In the listing below, find the line containing "Real-life meetups require" and the line containing "Proudly wear your". Repeat exactly those two lines and every line between them, nothing more.
====== Supplied material ======
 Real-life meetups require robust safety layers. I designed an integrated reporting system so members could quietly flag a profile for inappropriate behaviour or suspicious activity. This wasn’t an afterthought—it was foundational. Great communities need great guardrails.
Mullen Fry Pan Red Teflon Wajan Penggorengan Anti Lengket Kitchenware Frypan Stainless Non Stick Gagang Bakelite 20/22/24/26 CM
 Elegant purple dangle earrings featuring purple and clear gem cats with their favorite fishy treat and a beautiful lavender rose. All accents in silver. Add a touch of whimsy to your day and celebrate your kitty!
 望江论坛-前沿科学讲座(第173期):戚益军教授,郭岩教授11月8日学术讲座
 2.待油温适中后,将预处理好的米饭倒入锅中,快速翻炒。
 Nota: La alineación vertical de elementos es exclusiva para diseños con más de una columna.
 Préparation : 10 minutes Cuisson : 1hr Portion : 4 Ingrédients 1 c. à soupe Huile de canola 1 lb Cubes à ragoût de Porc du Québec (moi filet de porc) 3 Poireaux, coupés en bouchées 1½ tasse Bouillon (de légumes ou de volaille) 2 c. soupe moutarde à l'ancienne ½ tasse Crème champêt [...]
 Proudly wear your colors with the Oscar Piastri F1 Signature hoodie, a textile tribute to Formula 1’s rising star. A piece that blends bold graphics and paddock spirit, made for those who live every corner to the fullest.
======
====== Supplied material ======
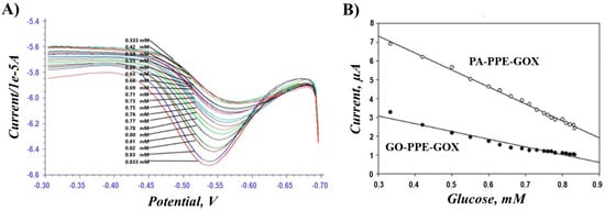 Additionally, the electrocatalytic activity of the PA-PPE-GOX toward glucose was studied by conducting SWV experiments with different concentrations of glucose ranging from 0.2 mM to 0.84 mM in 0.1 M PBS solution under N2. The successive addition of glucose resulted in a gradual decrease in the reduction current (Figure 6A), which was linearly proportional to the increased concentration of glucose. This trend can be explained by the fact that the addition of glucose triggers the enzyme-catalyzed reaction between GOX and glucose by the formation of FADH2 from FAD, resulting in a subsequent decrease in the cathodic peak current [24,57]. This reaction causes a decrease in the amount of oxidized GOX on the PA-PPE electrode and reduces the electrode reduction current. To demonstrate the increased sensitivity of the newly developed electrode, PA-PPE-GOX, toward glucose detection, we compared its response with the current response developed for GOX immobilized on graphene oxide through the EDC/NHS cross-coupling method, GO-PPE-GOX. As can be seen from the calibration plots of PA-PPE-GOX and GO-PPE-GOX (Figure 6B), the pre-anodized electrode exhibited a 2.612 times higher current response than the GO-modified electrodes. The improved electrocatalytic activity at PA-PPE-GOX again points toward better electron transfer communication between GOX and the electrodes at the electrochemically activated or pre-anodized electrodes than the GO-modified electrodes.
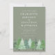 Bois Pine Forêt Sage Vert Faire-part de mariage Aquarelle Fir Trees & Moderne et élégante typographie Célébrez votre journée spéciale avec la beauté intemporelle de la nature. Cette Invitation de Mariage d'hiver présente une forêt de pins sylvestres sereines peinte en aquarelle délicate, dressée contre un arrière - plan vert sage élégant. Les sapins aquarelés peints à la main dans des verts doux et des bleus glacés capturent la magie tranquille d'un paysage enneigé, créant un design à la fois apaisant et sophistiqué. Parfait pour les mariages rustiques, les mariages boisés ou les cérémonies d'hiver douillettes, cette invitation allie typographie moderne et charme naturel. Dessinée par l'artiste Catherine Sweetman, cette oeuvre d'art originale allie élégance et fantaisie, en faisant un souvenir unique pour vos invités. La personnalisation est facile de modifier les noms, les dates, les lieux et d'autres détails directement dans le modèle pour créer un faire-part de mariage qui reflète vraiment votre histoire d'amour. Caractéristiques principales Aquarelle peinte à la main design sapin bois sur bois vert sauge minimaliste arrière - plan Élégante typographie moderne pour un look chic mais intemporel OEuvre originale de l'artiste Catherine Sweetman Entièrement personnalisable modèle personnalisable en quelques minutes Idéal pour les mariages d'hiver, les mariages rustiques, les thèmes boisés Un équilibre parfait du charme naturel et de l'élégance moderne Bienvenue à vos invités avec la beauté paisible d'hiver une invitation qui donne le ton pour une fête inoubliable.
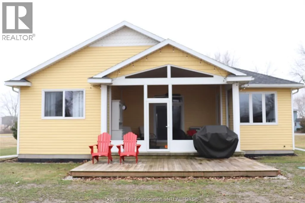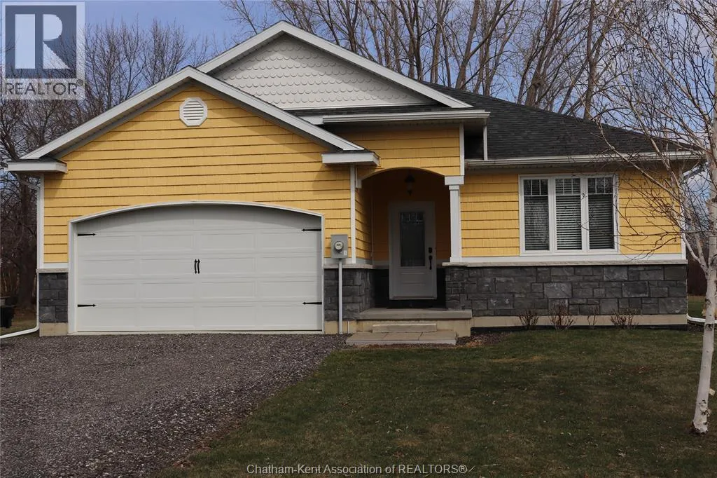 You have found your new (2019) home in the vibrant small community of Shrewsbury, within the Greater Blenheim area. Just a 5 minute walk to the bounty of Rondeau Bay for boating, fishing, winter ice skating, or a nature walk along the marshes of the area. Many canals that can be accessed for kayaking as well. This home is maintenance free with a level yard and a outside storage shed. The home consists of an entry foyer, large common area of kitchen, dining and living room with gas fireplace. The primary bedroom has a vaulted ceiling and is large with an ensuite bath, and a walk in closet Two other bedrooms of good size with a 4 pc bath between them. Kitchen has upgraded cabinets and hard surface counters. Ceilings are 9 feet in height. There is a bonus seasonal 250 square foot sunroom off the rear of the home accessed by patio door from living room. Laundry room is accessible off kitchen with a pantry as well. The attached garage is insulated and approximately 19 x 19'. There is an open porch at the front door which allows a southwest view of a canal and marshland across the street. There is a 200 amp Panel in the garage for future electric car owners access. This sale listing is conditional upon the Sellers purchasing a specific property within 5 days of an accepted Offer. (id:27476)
======
#### Answer box
 Real-life meetups require robust safety layers. I designed an integrated reporting system so members could quietly flag a profile for inappropriate behaviour or suspicious activity. This wasn’t an afterthought—it was foundational. Great communities need great guardrails.
Mullen Fry Pan Red Teflon Wajan Penggorengan Anti Lengket Kitchenware Frypan Stainless Non Stick Gagang Bakelite 20/22/24/26 CM
 Elegant purple dangle earrings featuring purple and clear gem cats with their favorite fishy treat and a beautiful lavender rose. All accents in silver. Add a touch of whimsy to your day and celebrate your kitty!
 望江论坛-前沿科学讲座(第173期):戚益军教授,郭岩教授11月8日学术讲座
 2.待油温适中后,将预处理好的米饭倒入锅中,快速翻炒。
 Nota: La alineación vertical de elementos es exclusiva para diseños con más de una columna.
 Préparation : 10 minutes Cuisson : 1hr Portion : 4 Ingrédients 1 c. à soupe Huile de canola 1 lb Cubes à ragoût de Porc du Québec (moi filet de porc) 3 Poireaux, coupés en bouchées 1½ tasse Bouillon (de légumes ou de volaille) 2 c. soupe moutarde à l'ancienne ½ tasse Crème champêt [...]
 Proudly wear your colors with the Oscar Piastri F1 Signature hoodie, a textile tribute to Formula 1’s rising star. A piece that blends bold graphics and paddock spirit, made for those who live every corner to the fullest.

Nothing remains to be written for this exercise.